> Dataset
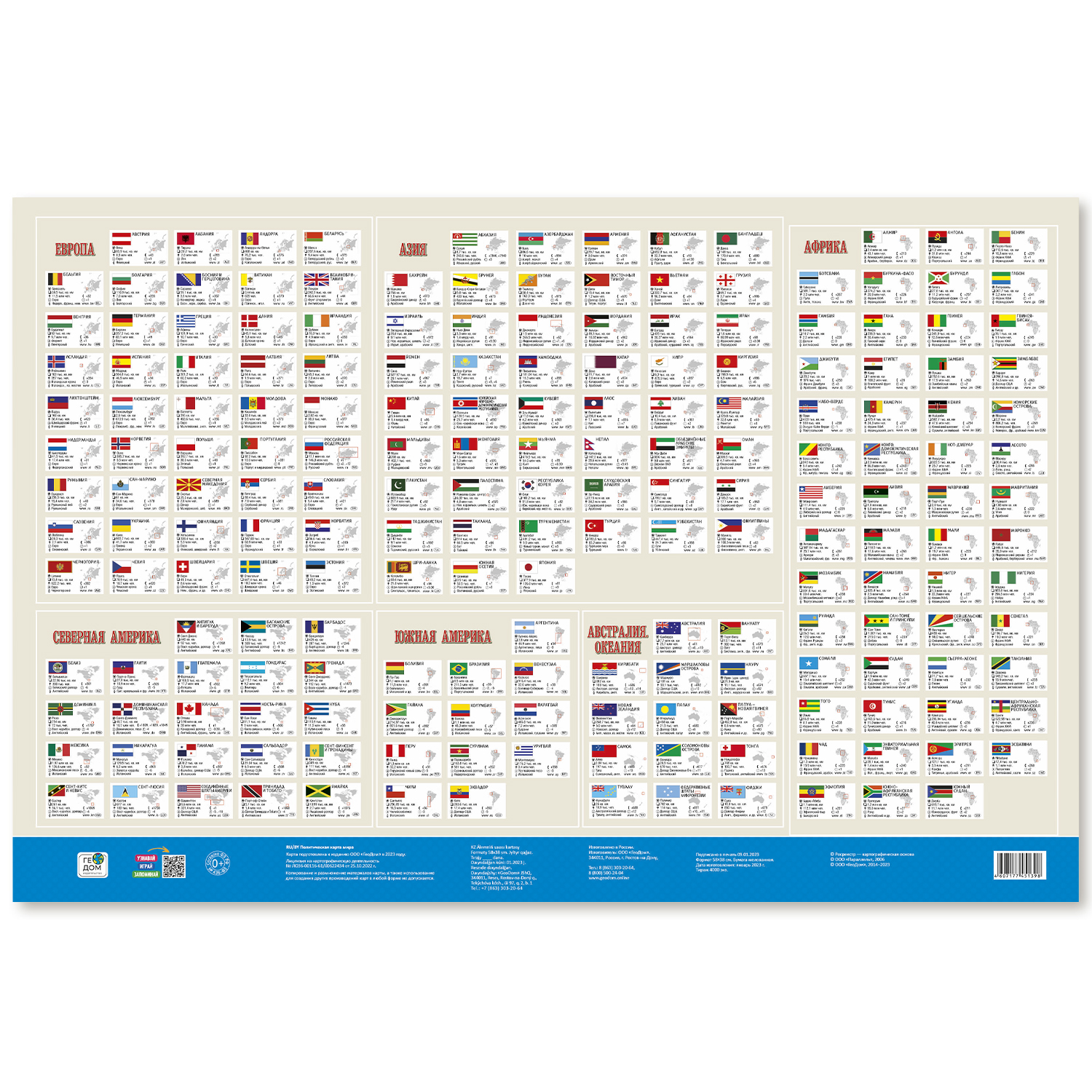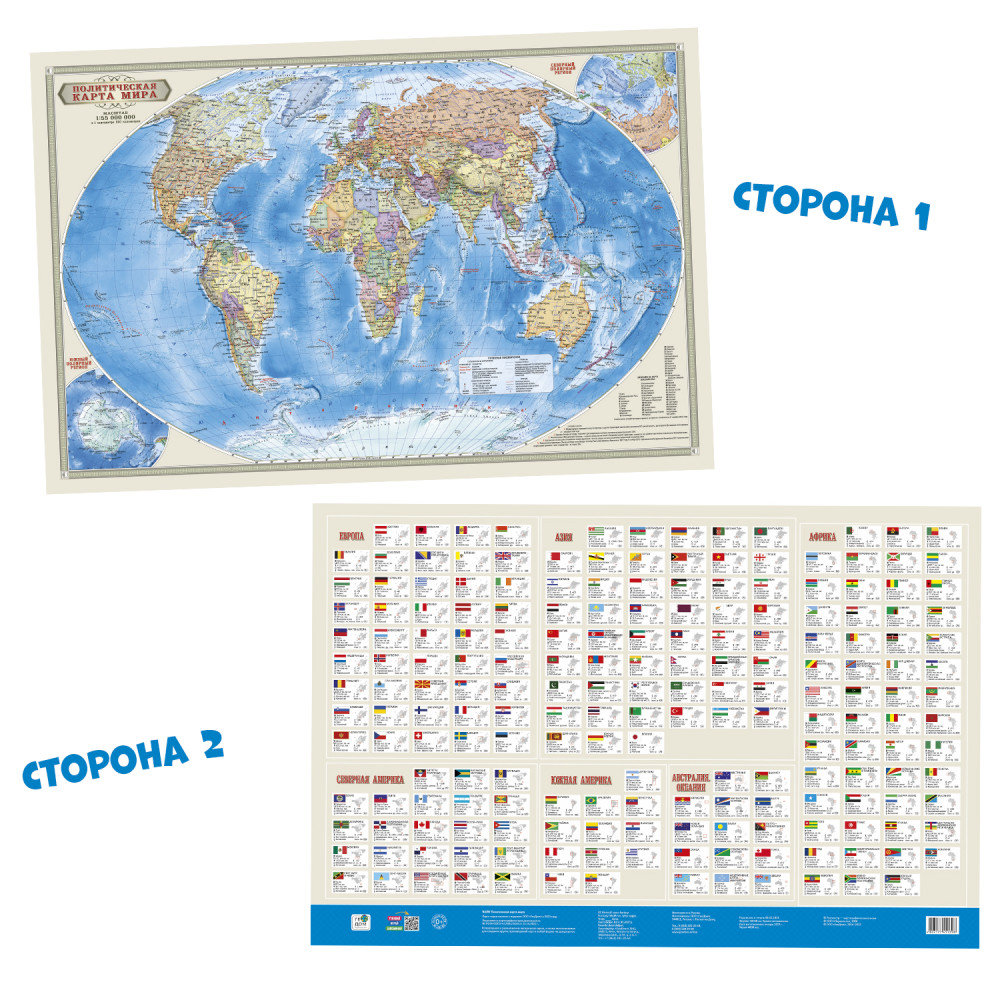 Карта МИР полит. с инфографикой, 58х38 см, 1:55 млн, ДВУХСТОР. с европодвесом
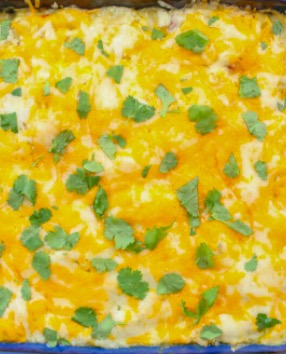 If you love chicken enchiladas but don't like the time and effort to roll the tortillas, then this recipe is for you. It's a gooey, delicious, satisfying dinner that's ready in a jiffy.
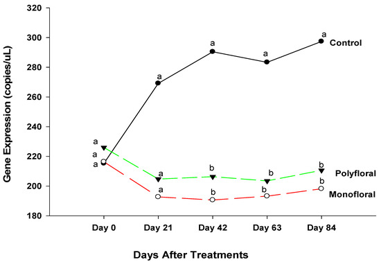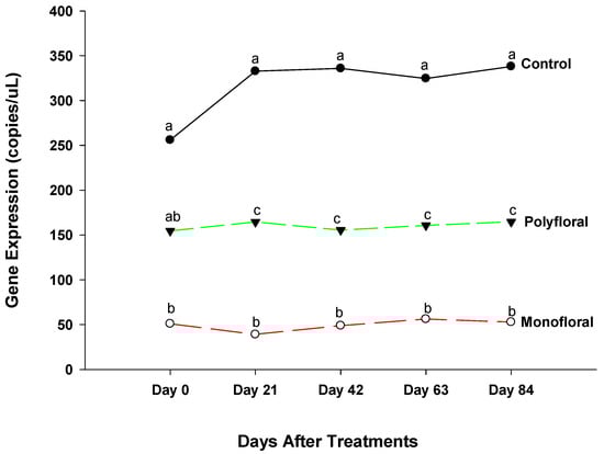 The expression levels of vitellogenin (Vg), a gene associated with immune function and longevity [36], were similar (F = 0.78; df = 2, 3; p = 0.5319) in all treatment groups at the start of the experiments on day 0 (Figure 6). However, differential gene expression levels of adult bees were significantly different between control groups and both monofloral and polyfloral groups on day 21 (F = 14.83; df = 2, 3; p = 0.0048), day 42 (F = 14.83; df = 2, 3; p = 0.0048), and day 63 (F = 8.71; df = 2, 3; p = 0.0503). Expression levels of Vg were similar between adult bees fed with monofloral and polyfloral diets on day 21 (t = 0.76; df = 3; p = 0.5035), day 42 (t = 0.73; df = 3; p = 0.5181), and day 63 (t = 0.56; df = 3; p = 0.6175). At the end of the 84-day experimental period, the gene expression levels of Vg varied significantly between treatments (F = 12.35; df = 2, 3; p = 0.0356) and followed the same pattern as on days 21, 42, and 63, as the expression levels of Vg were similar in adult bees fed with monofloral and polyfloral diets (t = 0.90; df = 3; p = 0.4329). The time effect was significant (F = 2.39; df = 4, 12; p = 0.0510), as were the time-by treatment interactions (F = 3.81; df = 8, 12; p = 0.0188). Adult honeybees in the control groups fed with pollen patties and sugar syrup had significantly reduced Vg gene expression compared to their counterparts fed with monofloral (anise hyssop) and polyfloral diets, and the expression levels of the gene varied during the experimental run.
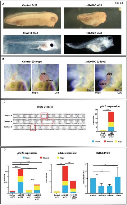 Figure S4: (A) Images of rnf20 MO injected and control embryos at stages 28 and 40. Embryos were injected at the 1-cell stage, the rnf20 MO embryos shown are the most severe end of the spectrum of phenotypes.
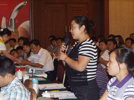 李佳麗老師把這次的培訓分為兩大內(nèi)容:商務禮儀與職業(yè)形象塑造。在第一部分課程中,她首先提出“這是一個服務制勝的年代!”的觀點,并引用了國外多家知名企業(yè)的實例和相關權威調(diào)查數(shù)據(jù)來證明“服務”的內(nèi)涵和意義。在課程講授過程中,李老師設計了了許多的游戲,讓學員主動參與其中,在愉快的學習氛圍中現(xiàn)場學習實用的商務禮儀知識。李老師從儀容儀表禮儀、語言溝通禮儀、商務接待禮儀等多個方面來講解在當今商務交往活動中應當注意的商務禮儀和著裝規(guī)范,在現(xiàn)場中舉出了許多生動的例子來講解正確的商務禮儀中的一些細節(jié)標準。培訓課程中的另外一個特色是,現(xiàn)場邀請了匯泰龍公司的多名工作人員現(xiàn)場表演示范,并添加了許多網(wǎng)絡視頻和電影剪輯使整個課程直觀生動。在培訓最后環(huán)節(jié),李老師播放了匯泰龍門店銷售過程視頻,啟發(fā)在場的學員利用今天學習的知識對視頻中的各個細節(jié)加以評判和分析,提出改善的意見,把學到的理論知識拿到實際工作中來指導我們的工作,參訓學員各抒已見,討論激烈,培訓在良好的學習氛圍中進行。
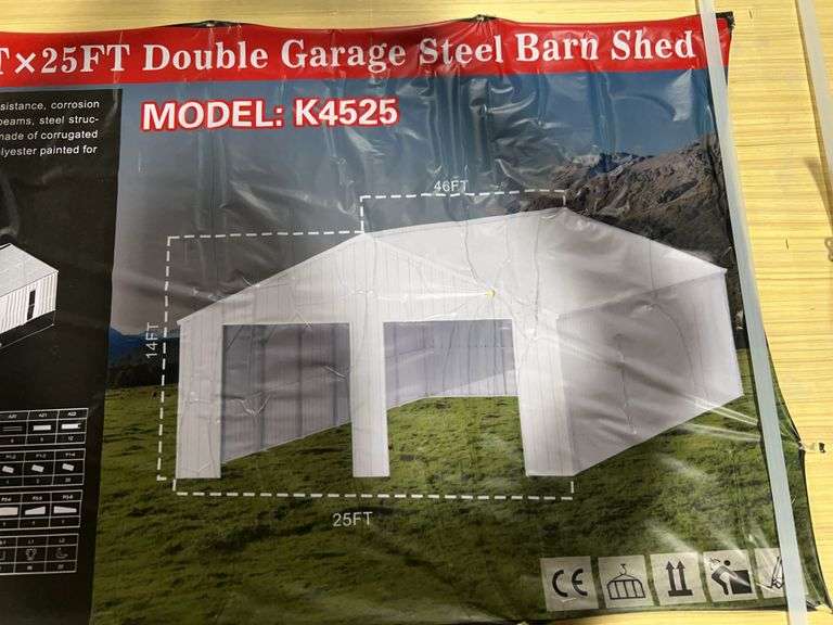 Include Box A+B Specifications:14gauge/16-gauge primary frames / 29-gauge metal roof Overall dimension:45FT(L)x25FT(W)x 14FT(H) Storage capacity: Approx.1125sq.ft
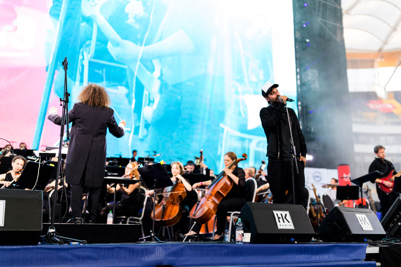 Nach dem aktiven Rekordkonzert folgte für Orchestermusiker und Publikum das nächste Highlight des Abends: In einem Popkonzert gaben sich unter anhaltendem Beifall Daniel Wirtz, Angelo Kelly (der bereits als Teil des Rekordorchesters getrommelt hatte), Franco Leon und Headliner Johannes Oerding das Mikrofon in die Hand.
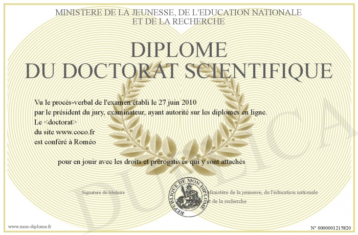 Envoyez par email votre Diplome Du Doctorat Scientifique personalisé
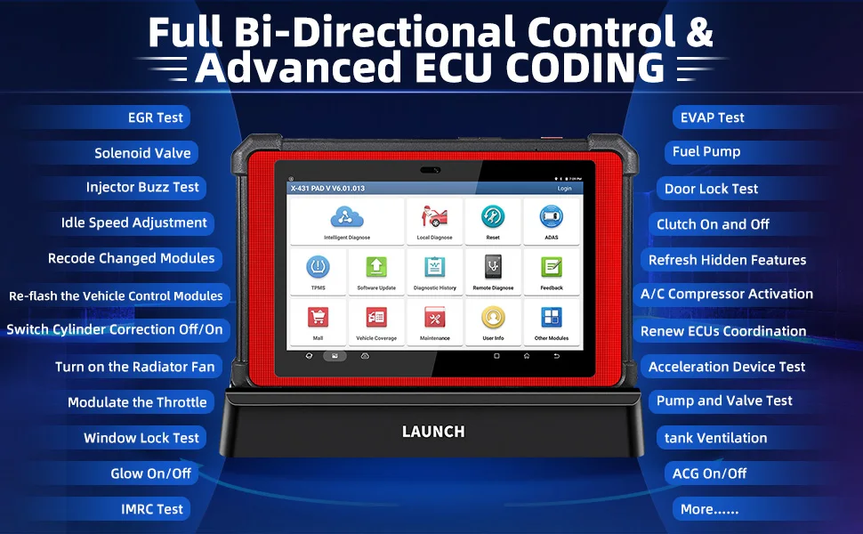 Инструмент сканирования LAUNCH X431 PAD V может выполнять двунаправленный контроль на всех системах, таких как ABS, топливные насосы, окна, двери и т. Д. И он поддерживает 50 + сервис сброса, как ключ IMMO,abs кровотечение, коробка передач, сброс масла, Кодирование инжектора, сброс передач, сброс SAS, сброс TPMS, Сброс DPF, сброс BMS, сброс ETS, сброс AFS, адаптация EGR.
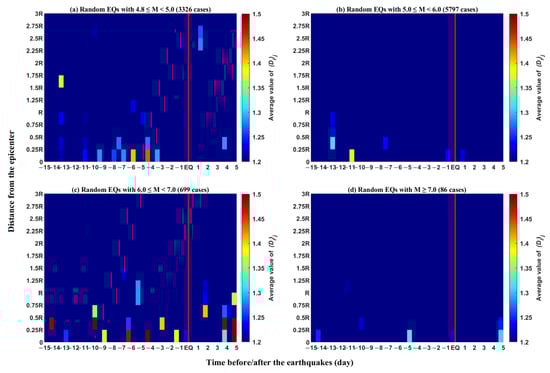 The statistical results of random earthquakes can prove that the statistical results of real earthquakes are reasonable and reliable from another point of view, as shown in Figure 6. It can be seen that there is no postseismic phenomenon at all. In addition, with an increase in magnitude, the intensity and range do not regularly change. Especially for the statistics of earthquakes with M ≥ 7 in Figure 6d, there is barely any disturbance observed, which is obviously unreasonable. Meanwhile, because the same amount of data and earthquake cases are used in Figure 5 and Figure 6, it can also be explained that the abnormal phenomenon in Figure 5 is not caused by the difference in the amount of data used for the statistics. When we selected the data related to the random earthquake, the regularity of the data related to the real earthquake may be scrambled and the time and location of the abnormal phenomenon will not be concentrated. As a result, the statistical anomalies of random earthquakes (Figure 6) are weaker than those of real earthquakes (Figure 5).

> Exercise
Pictures are to be left out. Everything else in the records must be written out exactly.

> Response to this task
 Карта МИР полит. с инфографикой, 58х38 см, 1:55 млн, ДВУХСТОР. с европодвесом
 If you love chicken enchiladas but don't like the time and effort to roll the tortillas, then this recipe is for you. It's a gooey, delicious, satisfying dinner that's ready in a jiffy.
 The expression levels of vitellogenin (Vg), a gene associated with immune function and longevity [36], were similar (F = 0.78; df = 2, 3; p = 0.5319) in all treatment groups at the start of the experiments on day 0 (Figure 6). However, differential gene expression levels of adult bees were significantly different between control groups and both monofloral and polyfloral groups on day 21 (F = 14.83; df = 2, 3; p = 0.0048), day 42 (F = 14.83; df = 2, 3; p = 0.0048), and day 63 (F = 8.71; df = 2, 3; p = 0.0503). Expression levels of Vg were similar between adult bees fed with monofloral and polyfloral diets on day 21 (t = 0.76; df = 3; p = 0.5035), day 42 (t = 0.73; df = 3; p = 0.5181), and day 63 (t = 0.56; df = 3; p = 0.6175). At the end of the 84-day experimental period, the gene expression levels of Vg varied significantly between treatments (F = 12.35; df = 2, 3; p = 0.0356) and followed the same pattern as on days 21, 42, and 63, as the expression levels of Vg were similar in adult bees fed with monofloral and polyfloral diets (t = 0.90; df = 3; p = 0.4329). The time effect was significant (F = 2.39; df = 4, 12; p = 0.0510), as were the time-by treatment interactions (F = 3.81; df = 8, 12; p = 0.0188). Adult honeybees in the control groups fed with pollen patties and sugar syrup had significantly reduced Vg gene expression compared to their counterparts fed with monofloral (anise hyssop) and polyfloral diets, and the expression levels of the gene varied during the experimental run.
 Figure S4: (A) Images of rnf20 MO injected and control embryos at stages 28 and 40. Embryos were injected at the 1-cell stage, the rnf20 MO embryos shown are the most severe end of the spectrum of phenotypes.
 李佳麗老師把這次的培訓分為兩大內(nèi)容:商務禮儀與職業(yè)形象塑造。在第一部分課程中,她首先提出“這是一個服務制勝的年代!”的觀點,并引用了國外多家知名企業(yè)的實例和相關權威調(diào)查數(shù)據(jù)來證明“服務”的內(nèi)涵和意義。在課程講授過程中,李老師設計了了許多的游戲,讓學員主動參與其中,在愉快的學習氛圍中現(xiàn)場學習實用的商務禮儀知識。李老師從儀容儀表禮儀、語言溝通禮儀、商務接待禮儀等多個方面來講解在當今商務交往活動中應當注意的商務禮儀和著裝規(guī)范,在現(xiàn)場中舉出了許多生動的例子來講解正確的商務禮儀中的一些細節(jié)標準。培訓課程中的另外一個特色是,現(xiàn)場邀請了匯泰龍公司的多名工作人員現(xiàn)場表演示范,并添加了許多網(wǎng)絡視頻和電影剪輯使整個課程直觀生動。在培訓最后環(huán)節(jié),李老師播放了匯泰龍門店銷售過程視頻,啟發(fā)在場的學員利用今天學習的知識對視頻中的各個細節(jié)加以評判和分析,提出改善的意見,把學到的理論知識拿到實際工作中來指導我們的工作,參訓學員各抒已見,討論激烈,培訓在良好的學習氛圍中進行。
 Include Box A+B Specifications:14gauge/16-gauge primary frames / 29-gauge metal roof Overall dimension:45FT(L)x25FT(W)x 14FT(H) Storage capacity: Approx.1125sq.ft
 Nach dem aktiven Rekordkonzert folgte für Orchestermusiker und Publikum das nächste Highlight des Abends: In einem Popkonzert gaben sich unter anhaltendem Beifall Daniel Wirtz, Angelo Kelly (der bereits als Teil des Rekordorchesters getrommelt hatte), Franco Leon und Headliner Johannes Oerding das Mikrofon in die Hand.
 Envoyez par email votre Diplome Du Doctorat Scientifique personalisé
 Инструмент сканирования LAUNCH X431 PAD V может выполнять двунаправленный контроль на всех системах, таких как ABS, топливные насосы, окна, двери и т. Д. И он поддерживает 50 + сервис сброса, как ключ IMMO,abs кровотечение, коробка передач, сброс масла, Кодирование инжектора, сброс передач, сброс SAS, сброс TPMS, Сброс DPF, сброс BMS, сброс ETS, сброс AFS, адаптация EGR.
 The statistical results of random earthquakes can prove that the statistical results of real earthquakes are reasonable and reliable from another point of view, as shown in Figure 6. It can be seen that there is no postseismic phenomenon at all. In addition, with an increase in magnitude, the intensity and range do not regularly change. Especially for the statistics of earthquakes with M ≥ 7 in Figure 6d, there is barely any disturbance observed, which is obviously unreasonable. Meanwhile, because the same amount of data and earthquake cases are used in Figure 5 and Figure 6, it can also be explained that the abnormal phenomenon in Figure 5 is not caused by the difference in the amount of data used for the statistics. When we selected the data related to the random earthquake, the regularity of the data related to the real earthquake may be scrambled and the time and location of the abnormal phenomenon will not be concentrated. As a result, the statistical anomalies of random earthquakes (Figure 6) are weaker than those of real earthquakes (Figure 5).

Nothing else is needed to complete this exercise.